SELECT TOP 50 x00, x10, x20, x30, x40, x50, x60, x70, x80, x90, x100, x110 FROM (SELECT ROWNUMBER() OVER(ORDER BY hibernatesortexpr0, hibernatesortexpr1) as row, query.x00, query.x10, query.x20, query.x30, query.x40, query.x50, query.x60, query.x70, query.x80, query.x90, query.x100, query.x110, query.hibernatesortexpr0, query.hibernatesortexpr1_ FROM (select product0.ProductID as x00, product0.Discontinued as x10, product0.ProductName as x20, product0.UnitPrice as x30, product0.UnitsInStock as x40, product0.UnitsOnOrder as x50, product0.ReorderLevel as x60, product0.QuantityPerUnit as x70, category1.CategoryName as x80, category1.CategoryID as x90, product0.SupplierID as x100, supplier2.CompanyName as x110, product0.CategoryID asc as hibernatesortexpr0, product0.ProductName as hibernatesortexpr1 from dbo.Products product0, dbo.Categories category1, dbo.Suppliers supplier2_ where product0.CategoryID=category1.CategoryID and product0.SupplierID=supplier2.SupplierID) query ) page WHERE page.row > 0 ORDER BY hibernatesortexpr0, hibernatesortexpr1

Note the "product0.CategoryID asc as hibernatesortexpr0__" in the select field list.

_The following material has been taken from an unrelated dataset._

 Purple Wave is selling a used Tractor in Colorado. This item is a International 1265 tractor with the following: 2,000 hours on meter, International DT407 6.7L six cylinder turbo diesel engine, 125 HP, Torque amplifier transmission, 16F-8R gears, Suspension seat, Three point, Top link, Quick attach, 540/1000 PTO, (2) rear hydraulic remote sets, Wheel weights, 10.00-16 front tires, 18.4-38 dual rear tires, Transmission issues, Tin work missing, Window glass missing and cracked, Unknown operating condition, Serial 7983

this is a new behavior starting R3860, previous the same setup was generating invalid orderby

ORDER BY hibernatesortexpr0hibernatesortexpr1

-> concatenating fields in the order by clause

B.

Ayende Rahien
10/19/2008 05:59 PM by
Ayende Rahien

Is this still a problem in the trunk?

If so, please create a JIRA issue

Anonymous
10/21/2008 02:55 PM by
Anonymous

Is this the same as NH-1350 ?

Ayende Rahien
10/22/2008 04:04 PM by
Ayende Rahien

Ken,

Named parameters would solve the issue, yeah, but that is not really related to the core of the issue, which is how much trouble you have to go in trying to get paging to work.

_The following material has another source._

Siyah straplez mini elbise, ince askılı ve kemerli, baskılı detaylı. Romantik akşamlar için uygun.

I don't care that CTE are smart. I want a simple solution to a very common and very simple problem. Smart == complex == hard to use.

The reason for the query being so complex is that we need to handle a lot more scenarios in a generic fashion.

In particular, take a look at http://jira.nhibernate.org/browse/NH-1155 to see one issue that significantly complicated the code.

Comments have been closed on this topic.